Try something for me. Think of all the recent articles you’ve read, the programs you’ve watched on Central American migrants. Now think of how many times you’ve heard someone — a reporter, a news anchor, an expert— mention the 2009 coup d’état in Honduras. What’s the number? If it’s more than zero, I’d be surprised.
But that overthrow helps explain why Hondurans flee their homeland. And it succeeded with our government’s help. Bear that last point in mind. Because while pundits lament the partisanship, the tribalism ruining our political system, there’s no talk of how the two parties, working together, helped dismantle Honduran democracy.
Here’s what happened. A decade ago, Honduran president Manuel Zelaya proposed a non-binding referendum. He wanted the public to decide whether or not to revise the 1982 constitution, a relic from the country’s years of military rule. It preserved military autonomy from civilian control, for example. And it rigged the system in the elite’s favor, Zelaya believed. He felt a new charter could make the country more democratic. According to U.S. Ambassador Hugo Llorens, most Hondurans felt the same way: There was “55-75 percent popular support ... for the concept of being consulted” on constitutional reform.

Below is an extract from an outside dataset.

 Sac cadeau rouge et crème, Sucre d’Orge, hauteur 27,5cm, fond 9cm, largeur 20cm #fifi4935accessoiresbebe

Before dawn on June 28, 2009, the day slated for the referendum, hundreds of soldiers invaded Zelaya’s home, kidnapped him and flew him to Costa Rica.

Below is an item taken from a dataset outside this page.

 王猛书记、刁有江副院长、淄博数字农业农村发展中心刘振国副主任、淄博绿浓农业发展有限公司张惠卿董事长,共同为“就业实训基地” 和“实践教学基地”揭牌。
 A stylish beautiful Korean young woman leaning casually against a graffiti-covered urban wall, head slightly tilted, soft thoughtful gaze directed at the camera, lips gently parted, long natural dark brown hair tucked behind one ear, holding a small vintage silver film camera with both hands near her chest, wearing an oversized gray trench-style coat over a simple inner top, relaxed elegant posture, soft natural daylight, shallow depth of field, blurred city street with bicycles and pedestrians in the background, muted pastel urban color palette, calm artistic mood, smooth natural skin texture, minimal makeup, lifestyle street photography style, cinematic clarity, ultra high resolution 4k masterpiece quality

Illicit acts on this scale need a pretext. In this case, the claim was that Zelaya, by proposing constitutional change, was really trying to win himself a second, illegal presidential term. Not that anyone really bought this story. The military lawyer advising the coup’s plotters called their act “a crime.” Llorens essentially agreed. “The fact is we have no hard intelligence suggesting any consideration by Zelaya or any members of his government to usurp democracy and suspend constitutional rule,” he wrote at the time.
So why was Zelaya toppled? The answer is simple— and unsurprising. His policies provoked people with power. Honduras is the original “banana republic,” a country with a small ruling class and an indigent majority. Zelaya seemed responsive to people and organizations working to undo that legacy. He raised the minimum wage. He ensured aging citizens received pensions. He backed land reform to protect peasants from rich ranchers after their farms. In the eyes of powerful Hondurans, these were sins.

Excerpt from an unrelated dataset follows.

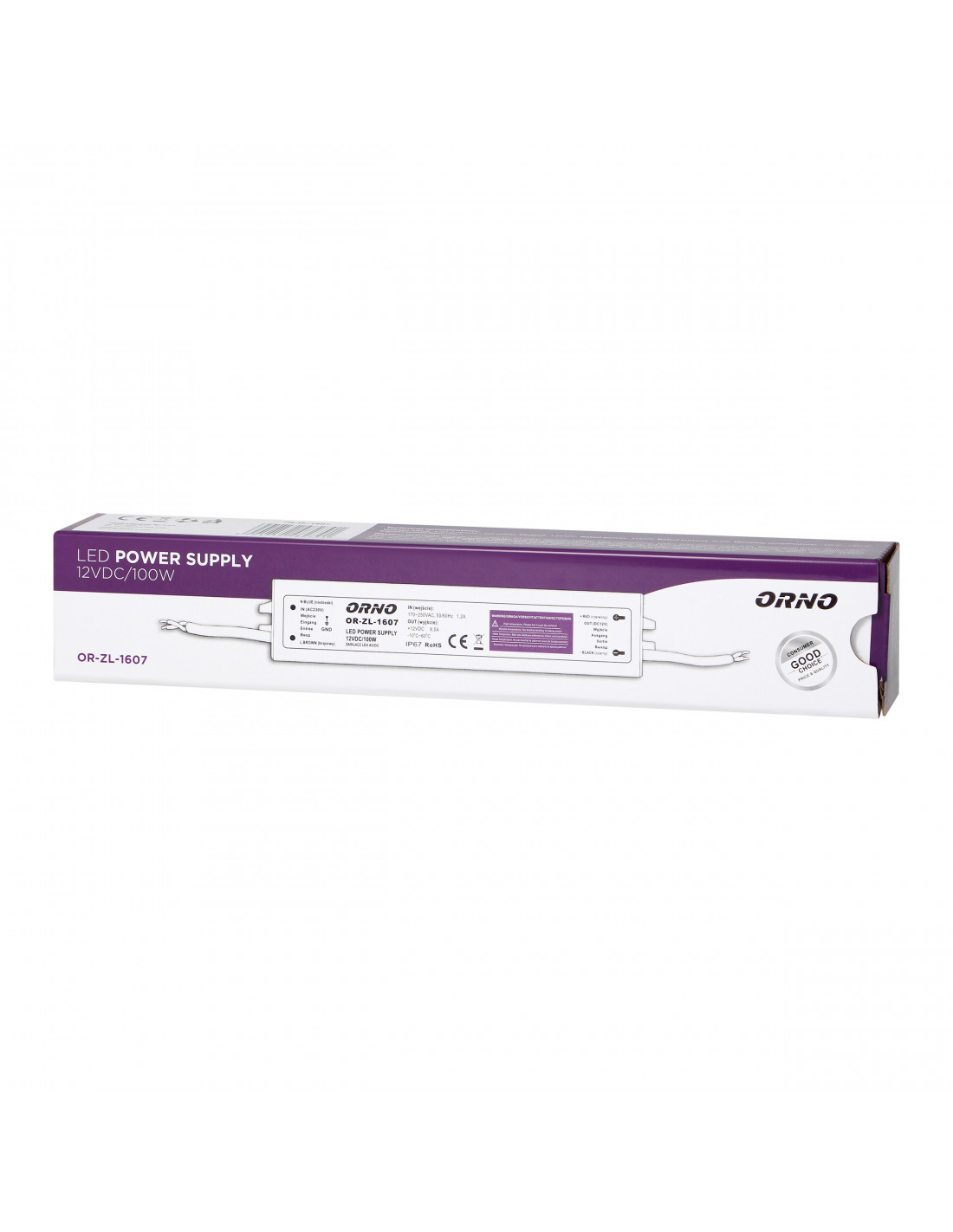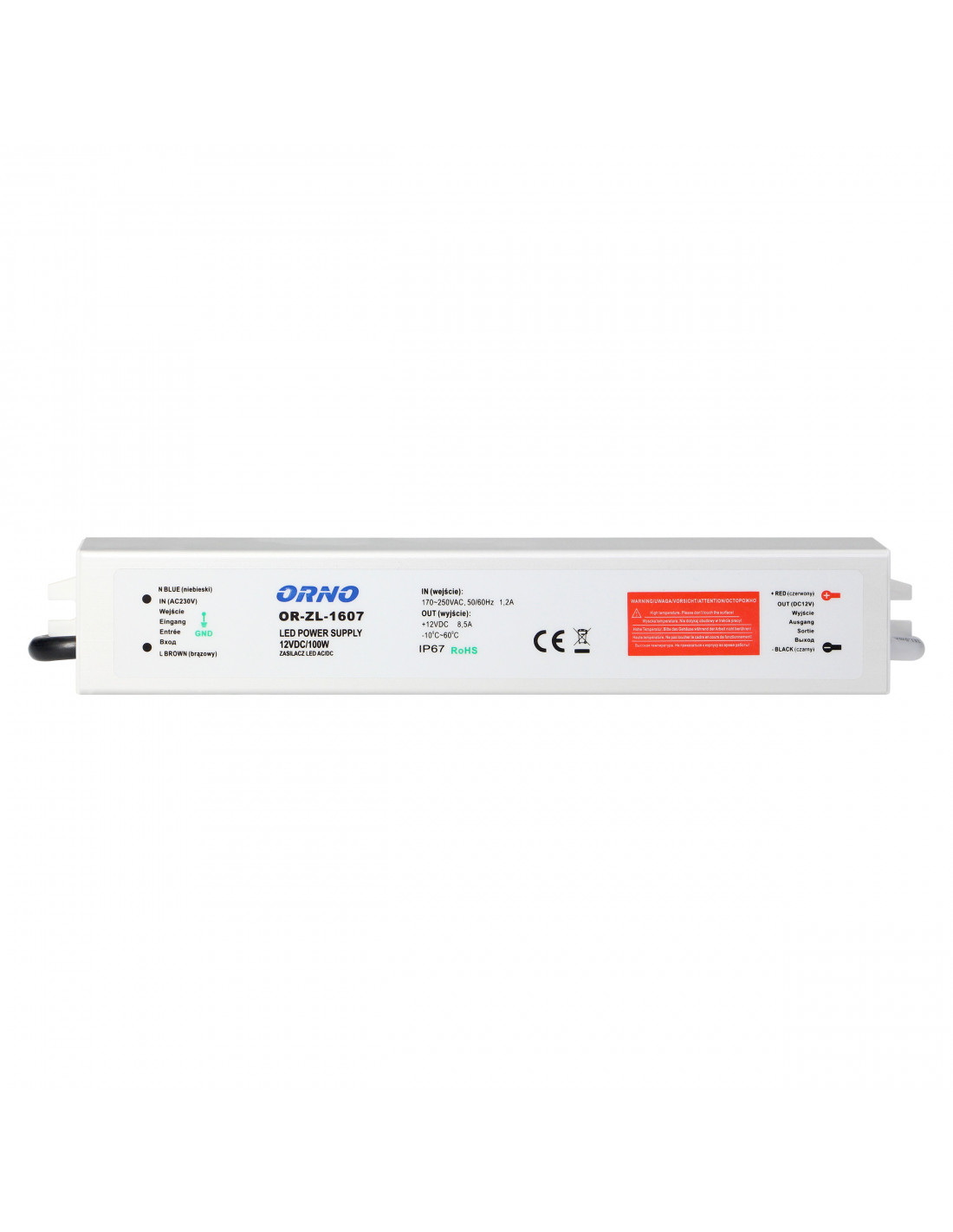Zasilacz przeznaczony do systemów oświetleniowych LED, m.in. pojedynczych diod, listew, taśm LED, żarówek, modułów, węży lub neonów, wyposażony w uchwyty pozwalające na przymocowanie do ściany lub sufitu. Charakteryzuje się wodoodporną (IP67), szczelną, metalową obudową, co umożliwia stosowanie w warunkach o podwyższonej wilgotności np. na zewnątrz budynku. Stałe napięcie wyjściowe niezależnie od dopuszczalnego obciążenia, zabezpieczenia: zwarciowe, przeciążeniowe, napięciowe.

As they were in the eyes of the U.S. government. After the coup, President Obama and Secretary of State Hillary Clinton faced a simple choice. They could have called Zelaya’s ouster what it was: a military coup. Doing so would have immediately — dramatically — cut U.S. aid. But that never happened. Our taxpayer dollars continued flowing south. They flooded a country where, for many, life became a kind of nightmare.
People protesting their elected president’s removal were beaten. Others were killed. And it was in this climate, under government intimidation, that the next presidential election occurred in November 2009. Apart from repression, there were charges of fraud, but the U.S. recognized the winner. The same process repeated — a sham election, followed by Washington’s endorsement of the victor — in 2013 and 2017. In this regard, President Trump proved a worthy heir to Obama’s legacy.
The situation in Honduras today is not pleasant to think about. Over 70,000 people have been murdered there since 2004 — about the same number killed in El Salvador’s 1980s civil war. It’s the most dangerous country in the world for indigenous groups defending their ancestral lands from logging and agribusiness firms. Women are slain regularly, with impunity. Poverty rates have exploded since 2009, as corrupt, unaccountable officials enrich themselves at the public’s expense.
The point can’t be stressed enough: this is a despotic government we helped install, one we’ve supported for 10 years with our money. If you were living there amid the poverty, amid the bloodshed, would you stay? Or seek a new life elsewhere? The least we can do is consider these questions as Hondurans attempt to enter the U.S.
Nick Alexandrov studied U.S. foreign policy and Latin America at George Washington University. He teaches humanities at Holland Hall School.